The fallout over the report reveals the kind of political pitfalls that Pence is increasingly facing as he emerges as one of the most important figures in the administration. The vice president must deal with the baggage from the administration's actions and President Trump's statements.
Over the past few weeks, Pence has been playing a number of important roles inside the administration. The most important is that he has become a bridge to the conservatives on Capitol Hill, trying to calm nerves over bills like the health care reform.
In this role, Pence is facing some of the challenge that then-Vice President Walter Mondale confronted when he had to sell President Jimmy Carter's more controversial ideas, like energy conservation and fiscal austerity, to a Democratic Congress that was hoping for another Great Society, not some kind of middle way.
Mondale, previously a senator from Minnesota who had impeccable liberal credentials with his former colleagues in Congress, worked hard to persuade Democrats that Carter, despite his unorthodox ways, still was on the same political page. His efforts were only of middling success as Carter ultimately proved to be unpopular with Democrats despite Mondale's efforts.
Pence has a better chance of succeeding since, generally, Trump is not doing much to depart from the party agenda, unlike the way that Carter did with the Democrats. This is a debate over how conservative to be in going after the Affordable Care Act, not whether to stick to the political middle.
Now with the CBO report, Pence will be needed more than ever. Not only does he need to sell the conservatives that this not "Obamacare Lite" but a serious move in the right direction toward market-based health care. He also needs to persuade moderates that this bill is still worth the political risks that could result from rolling back health care coverage for millions of people.

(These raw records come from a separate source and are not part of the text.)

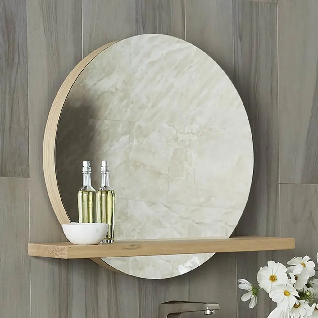 Solace Mirror''s 2" thick frame and soothing oak projects a quiet strength and sense of continuity. Make it a true focal point by adding the optional shelf, boosting the functionality and the wow factor. (Available with or without shelf.)Product Features:-Coordinates seamlessly with the Solace Oak Vanity Base-Transitional style circular mirror-Clean and contemporary design-Mirror available with or without a shelf-Non-beveled mirrored glass-Low-VOC water-resistant finish-Wall-mounted installation-Mirror installation: French cleat included for easy installation-Shelf Installation: Wall mounted, includes two wall anchors-Covered under Native Trails limited lifetime warranty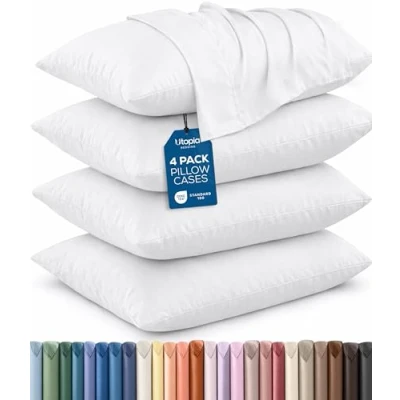 Utopia Bedding Standard Pillowcases 4 Pack Envelope Closure Soft Brushed Microfiber Fabric Shrinkage and Fade Resistant Pillow Covers Size 20 X 26 Inches (Standard, White)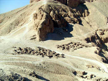 For the more adventurous travellers, I would strongly recommend following in the workmen’s footsteps by taking the ancient desert track that leads from the south-west corner of the village, over the mountain ridge and down into their place of work, the Valley of the Kings. It is by no means an easy walk, with the track becoming quite steep and treacherous in places. Simply put, it should only be tackled by the physically fit and those with experience of traversing uneven and tricky terrain. For first timers, it is definitely advisable to seek out the services of one of the local guides, who will gladly offer the service of a donkey for those unaccustomed or unable to make the journey on foot.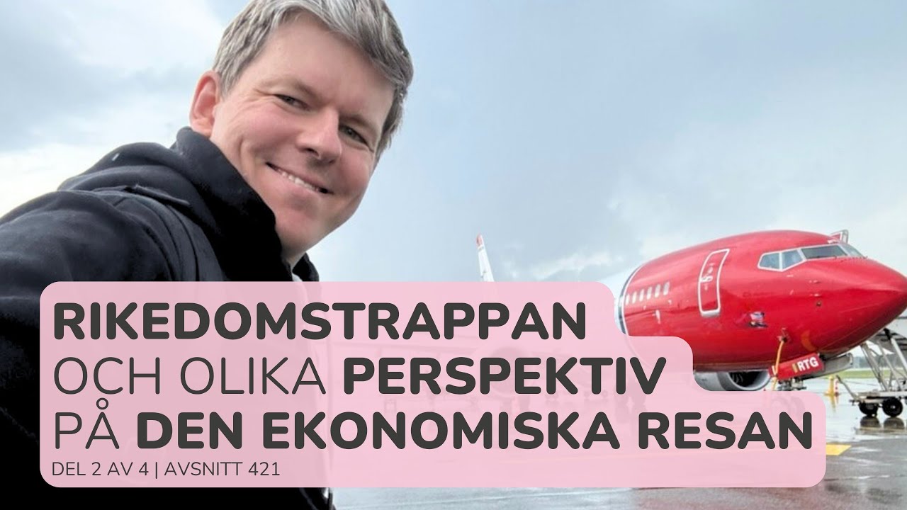 Om du inte har lyssnat på del ett där vi introducerar de olika nivåerna, så rekommenderar jag att göra det först. I denna del två går vi igenom olika perspektiv - vi tittar på olika saker i livet och hur rikedomstrappan relaterar till de här nivåerna. Vi pratar om buffert, sparande, utbildning, typer av investeringar på de olika nivåerna, existentiella frågor, vilka åldrar man brukar nå dem, hur många som flyttar sig mellan nivåerna efter tio år, förhållandet till tid och relationer, samt vilka risker som finns på respektive nivå. Framförallt pratar vi också om vilka generella regler som funkar på varje nivå.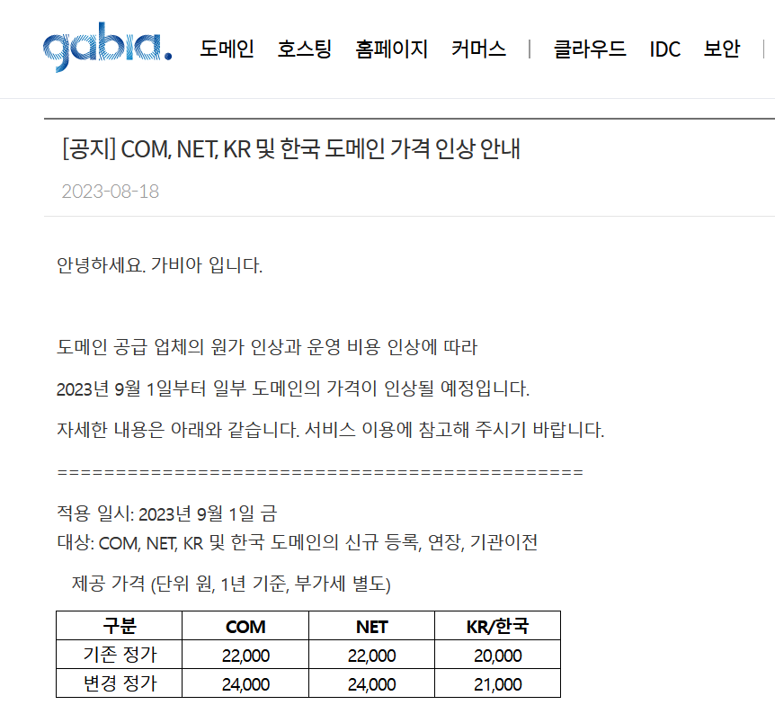 가비아는 9월 1일부터 닷컴 도메인의 등록비를 22,000원에서 24,000원으로 인상했습니다.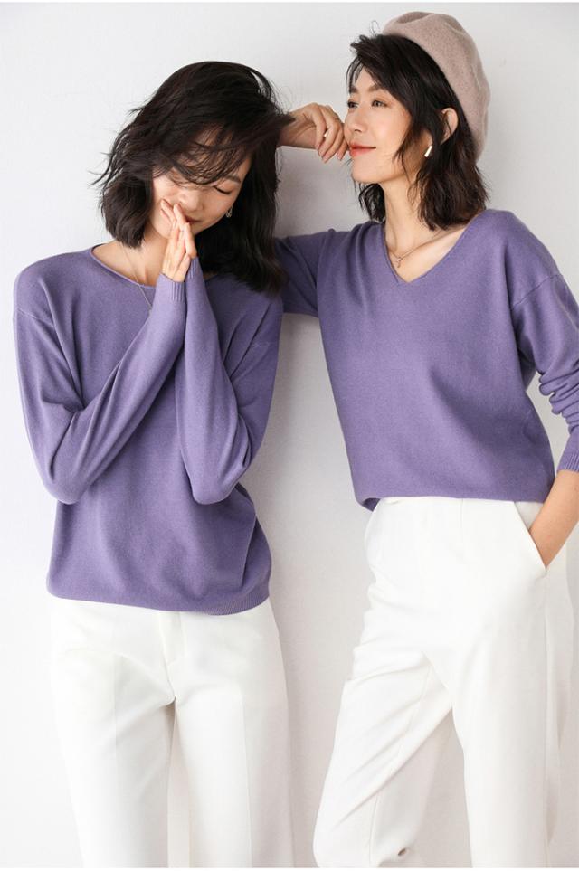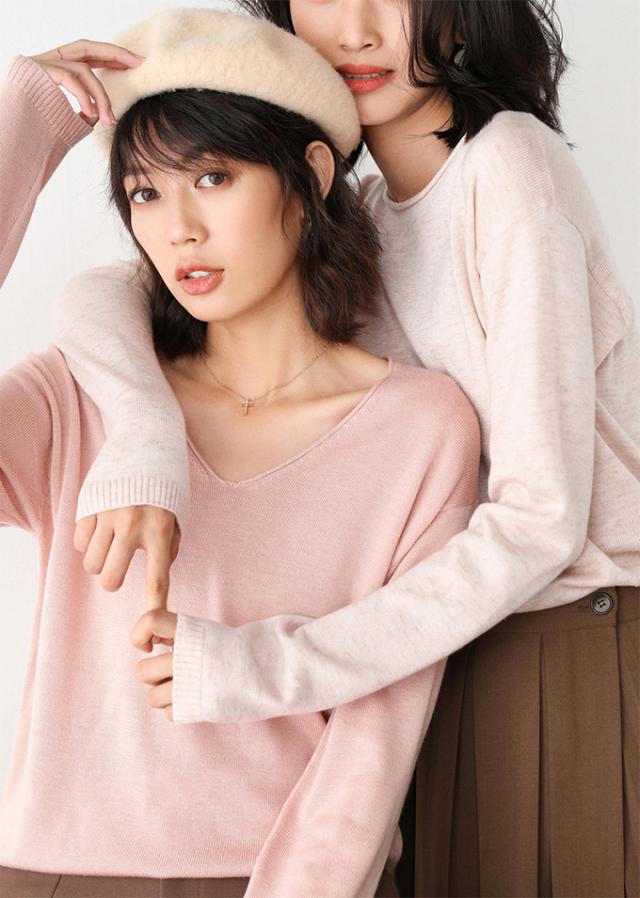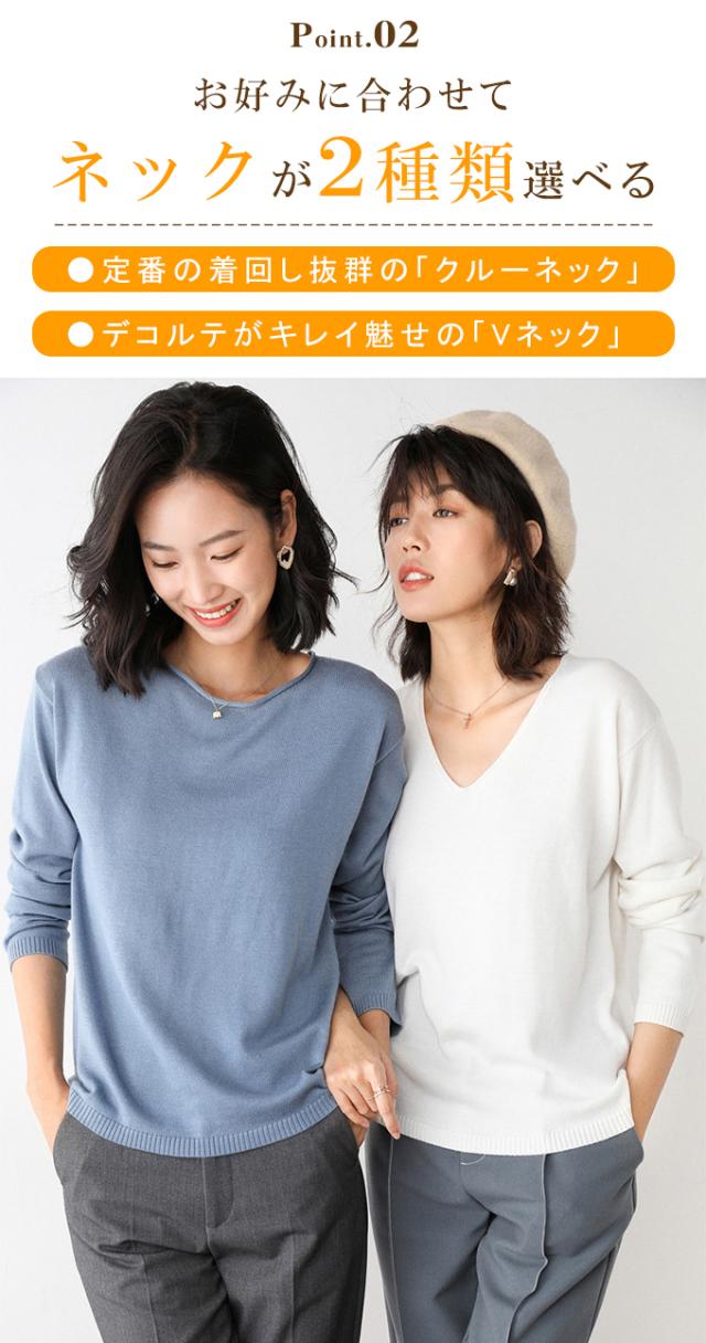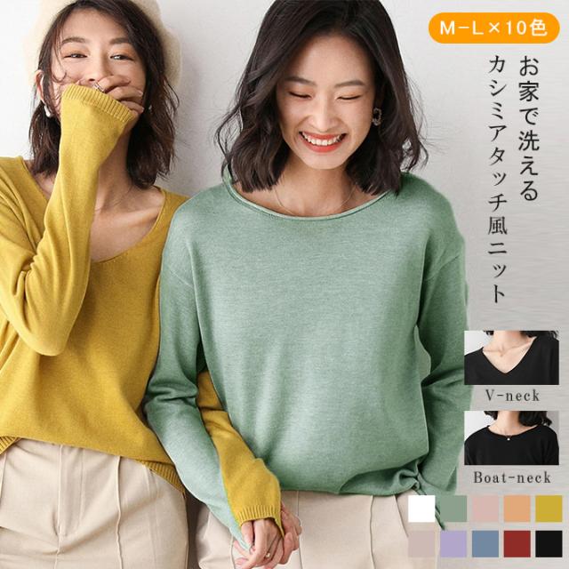 半額クーポン配布中、990円、春カシミヤタッチ風ニット ストレッチニットセーター クルーネック Vネック インナー 長袖 丸首 キレイ オシャレ 柔らかい 快適 通勤 お出かけ オフェンス カジュアル レディース ちくちくにしない

If Pence can pull this off he will emerge from this battle as a real power player within the White House. The only thing that has insulated President Trump thus far from the ongoing attacks by Democrats, the relentless investigations from the news media, and the growing scrutiny of the courts is the Republican Congress.
President Trump, the divider, is depending on the fact that partisanship will hold and that in the end the Republican Congress will not abandon him or, even worse, turn against him. Until that happens it will be very difficult for any Democrat to make headway against this White House. So, if the vice president can get them through this challenging moment with an actual piece of legislation and without an open right-wing revolt, the President will keep turning to him as his point man on the Hill.
Pence has also become an important voice on foreign policy, The president sent him to Europe to help ease concerns among U.S. allies about Trump's commitment to NATO. Pence is taking a lead role in deliberations with Japan.
The vice president is also being used as the "clean-up man in chief." After many of the President's more controversial statements and decisions, Pence has stepped in to try to smooth things over.
When Trump attacked the "so-called" judge who halted his first executive order on immigrations, Pence took to the airwaves to justify the attack. Pence tweeted out that the administration joined the "Jewish people" on Holocaust Remembrance Day after the White House came under fire for having rejected the State Department draft of a statement that mentioned Jews.
Pence has also been important in the appointment process. A number of people who Pence considered allies are now in the administration, including former Indiana Sen. Dan Coats, who the Senate confirmed as director of national intelligence, and Marc Short, one of Pence's former aides who has been named legislative affairs director for the President.
Pence is clearly looking to solidify his credentials not just to have greater standing in this White House but also to keep making the case that he is one of the most promising prospects as a Republican presidential candidate for future elections.
His commitment to the right is already well-established. What being vice president offers Pence is the ability to show that he can govern and that he can be a conservative leader with polish.
The biggest threat for Pence is that the bigger his role becomes the more he will suffer from the baggage of the current administration. Besides the tensions over health care there are the scandals. With the Russiagate investigation looming large over the White House, as steady drips of information keep raising questions about what happened in the 2016 election, Pence has to beware the possibility of becoming part of a historic political scandal.
If things go south for Trump through scandal, failed legislation, or diminishing approval ratings among Republicans, Pence will be seen as part of the problem as well. He would do well to remember the fate suffered by Walter Mondale, who could never overcome Carter's shadow when he ran in 1984.
Clearly, Pence is willing to take this risk as was evident when he first signed up for this job last summer. In the coming days, he will have to show that he can live up to this difficult challenge as he tries to shore up the president's support amid the furor over health care.